Misa Solemne en la Basílica Catedral de Lima

La Misa Solemne fue presidida por el Enviado Especial del Papa, Cardenal Nicolás de Jesús López Rodríguez la cual fue concelebrada junto con el Cardenal Francisco Javier Errázuriz, Arzobispo de Santiago de Chile y presidente del Consejo Episcopal Latinoamericano (Celam), el Cardenal Juan Luis Cipriani, Arzobispo de Lima y Primado de la Iglesia Peruana, monseñor Rino Passigato, Nuncio Apostólico, y monseñor Miguel Cabrejos, presidente de la Conferencia Episcopal Peruana.

Durante su homilía, el Enviado Especial de Papa Benedicto XVI, manifestó que la celebración es justificada puesto que no hay ningún modelo mejor que el de Santo Toribio de Mogrovejo para un cristiano.

Añadió que Santo Toribio nos deja un claro mensaje, “los problemas del Perú son hoy muy distintos de los de su tiempo, pero no menos graves que aquellos”, problemas a cuya solución está obligada la Iglesia en virtud de su misión y función desde la verdad, desde la connatural e inviolable dignidad de todo ser humano y desde el mandato de amor que implica la justicia y el perdón”.

Destacó también que como instrumentos eficaces de su evangelización la Iglesia contó, bajo Toribio de Mogrovejo, con el Concilio Limense y su célebre catecismo.

“Ustedes cuentan con el Concilio Vaticano II y el nuevo Catecismo de la Iglesia en su versión más amplia y abreviada. Acudan una y otra vez a dichas versiones y familiarícense con ellas”, expresó el Cardenal, quien culminó su discurso pidiendo a los miles de fieles presentes que sean fuertes e intrépidos como el Santo Arzobispo.
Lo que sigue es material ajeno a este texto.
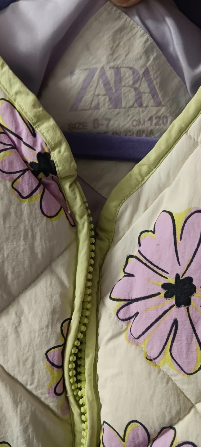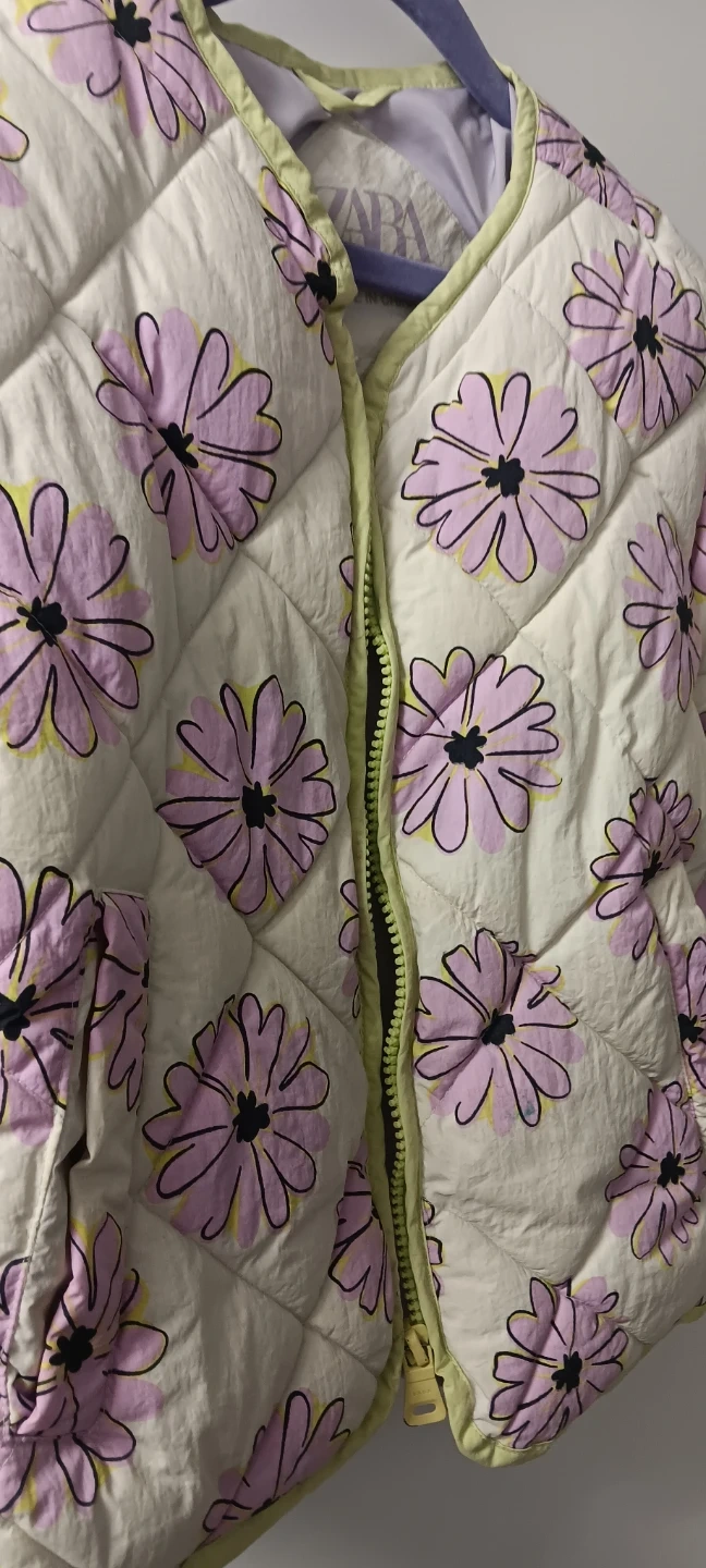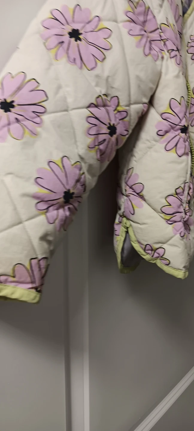 Quilted jacket by Zara featuring a cream base with a fun pink and yellow floral pattern. It's a size 6-7 years (CN 120). Perfect for layering during cooler weather!
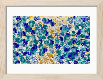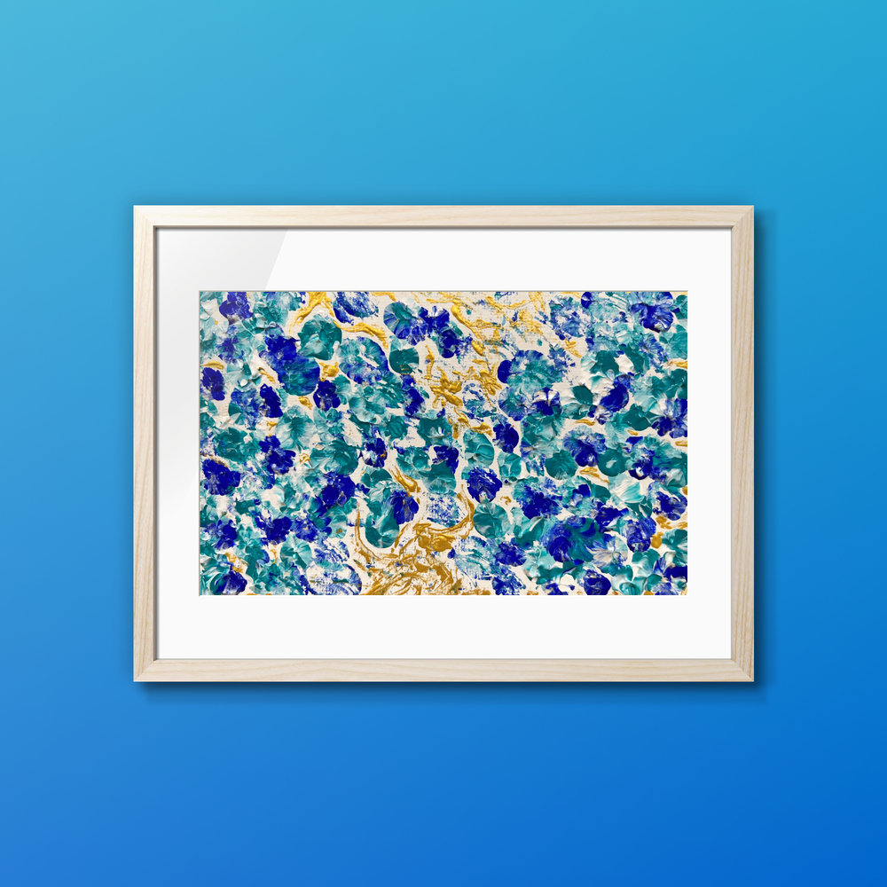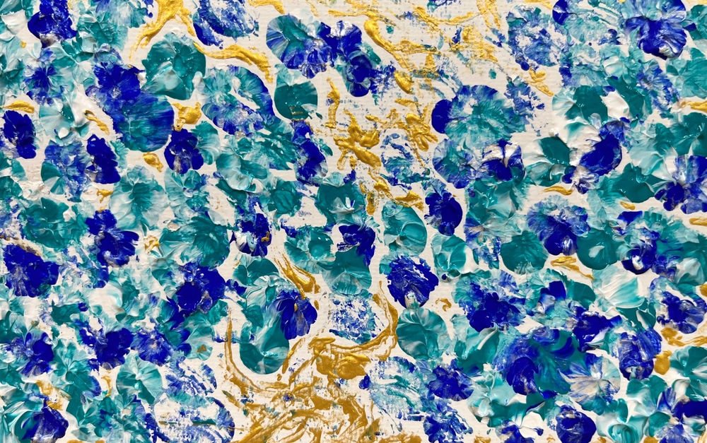 ターコイズ・ブルーの花々が金の輝きを浴びて優しく咲き乱れます。爽やかなブルーのグラデーションの花々が、女性らしい喜びと優雅さを静かに語ります。
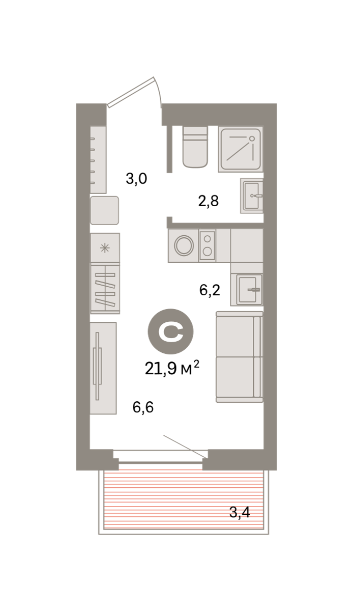 Студия в квартале «Депо». Особенности планировки: балкон, предчистовая отделка. № квартиры в нашей базе: ДЕП07-Ж5.7.4.
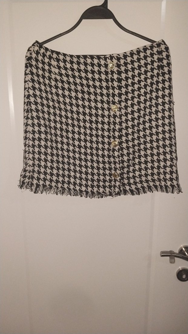 Gri ekose desenli, düğmeli midi etek. Rahat kesimi ve yumuşak sentetik kumaşıyla günlük kullanıma uygundur.
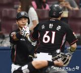 윤석민 '유한준의 축하를 받고'[포토]

En la Santa Misa estuvieron presente el Alcalde de Lima, Luis Castañeda Lossio, el presidente del Congreso, Marcial Ayaipoma, y el canciller de la República, Óscar Maúrtua de Romaña


Congreso condecoró a Santo Toribio

Al término de la Santa Misa, el Presidente del Congreso, Marcial Ayaipoma, a nombre del Congreso de la República, condecoró a Santo Toribio de Mogrovejo con la con el grado de Gran Cruz en Grado Póstumo. Mientras que el alcalde de Lima, Luis Castañeda Lossio, entregó la medalla de la ciudad de Lima al Santo Arzobispo.

Posteriormente, en ceremonia celebrada en el Palacio Arzobispal, el presidente del Congreso entregó la medalla del Congreso en el grado de Gran Oficial al Enviado Especial del Papa Benedicto XVI, Cardenal Nicolás de Jesús López Rodríguez.